What it looks like when MIT's system attacks Google's algorithm.

MIT

Despite the strict black box conditions, the researchers successfully tricked Google’s algorithm. For example, they fooled it into believing a photo of a row of machine guns was instead a picture of a helicopter, merely by slightly tweaking the pixels in the photo. To the human eye, the two images look identical. The indiscernible difference only fools the machine.

The researchers didn’t just tweak the photos randomly. They targeted the AI system using a standard method. Each time they tried to fool the AI, they analyzed their results, and then intelligently inched toward an image that could trick a computer into thinking a gun (or any other object) is something it isn’t.

The researchers randomly generated their labels; in the rifle example, the classifier “helicopter” could just as easily have been “antelope.” They wanted to prove that their system worked, no matter what labels were chosen. “We can do this given anything. There’s no bias, we didn’t choose what was easy,” says Anish Athalye, a PhD student at MIT and one of the lead authors of the paper.

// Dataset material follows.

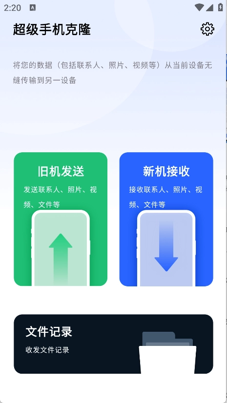 首页支持旧机发送、新机接收等操作,还能查询各类文件记录信息。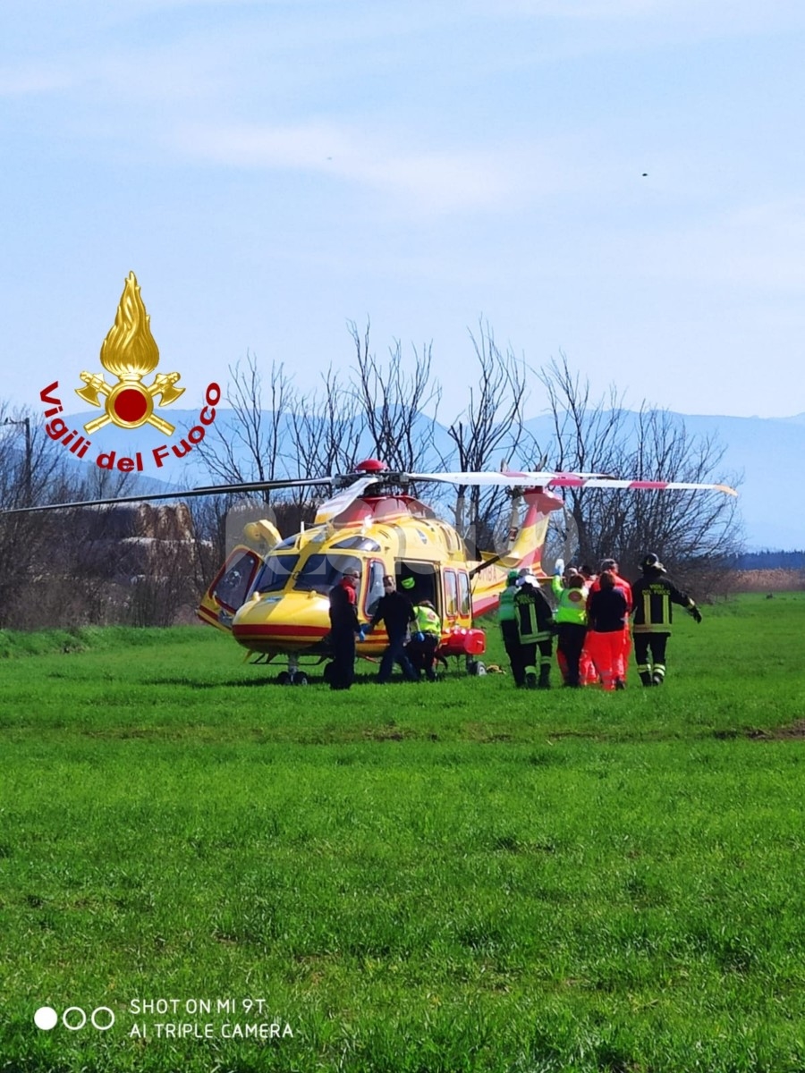 Secondo le prime informazioni fornite dai vigili del fuoco relativamente all’incidente sul lavoro a Castelnuovo di Assisi, la squadra di Assisi è intervenuta intorno alle 10.45 nella frazione assisana per un soccorso persona. Si trattava di un uomo del ’54, finito con le gambe sotto una attrezzatura agricola, mentre stava effettuando dei lavori nei campi. Soccorso e stabilizzato, è stato elitrasportato in ospedale. Sul posto anche elisoccorso e i carabinieri della compagnia di Assisi agli ordini del tenente colonnello Marco Vetrulli.

Google declined to comment in time for publication.

What Google's algorithm originally "saw."

MIT

What the algorithm "saw" after MIT's researchers turned the image into an adversarial example.

MIT

MIT’s latest work demonstrates that attackers could potentially create adversarial examples that can trip up commercial AI systems. Google is generally considered to have one of the best security teams in the world, but one of its most futuristic products is subject to hallucinations. These kinds of attacks could one day be used to, say, dupe a luggage-scanning algorithm into thinking an explosive is a teddy bear, or a facial-recognition system into thinking the wrong person committed a crime.

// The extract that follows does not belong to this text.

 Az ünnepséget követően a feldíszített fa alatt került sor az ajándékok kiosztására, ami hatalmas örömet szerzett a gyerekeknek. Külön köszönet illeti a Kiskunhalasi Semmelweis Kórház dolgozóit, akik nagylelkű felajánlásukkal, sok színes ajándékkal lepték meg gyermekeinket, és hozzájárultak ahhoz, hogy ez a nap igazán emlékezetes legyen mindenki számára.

It’s at least, though, a concern Google is working on; the company has published research on the issue, and even held an adversarial example competition. Last year, researchers from Google, Pennsylvania State University, and the US Army documented the first functional black box attack on a deep learning system, but this fresh research from MIT uses a faster, new method for creating adversarial examples.

These algorithms are being entrusted to tasks like filtering out hateful content on social platforms, steering driverless cars, and maybe one day scanning luggage for weapons and explosives. That’s a tremendous responsibility, given that don’t yet fully understand why adversarial examples cause deep learning algorithms to go haywire.

There are some hypotheses, but nothing conclusive, Athalye told me. Researchers have essentially created artificially intelligent systems that “think” in different ways than humans do, and no one is quite sure how they work. “I can show you two images that look exactly the same to you,” Athalye says. “And yet the classifier thinks one is a cat and one is a guacamole with 99.99 percent probability.”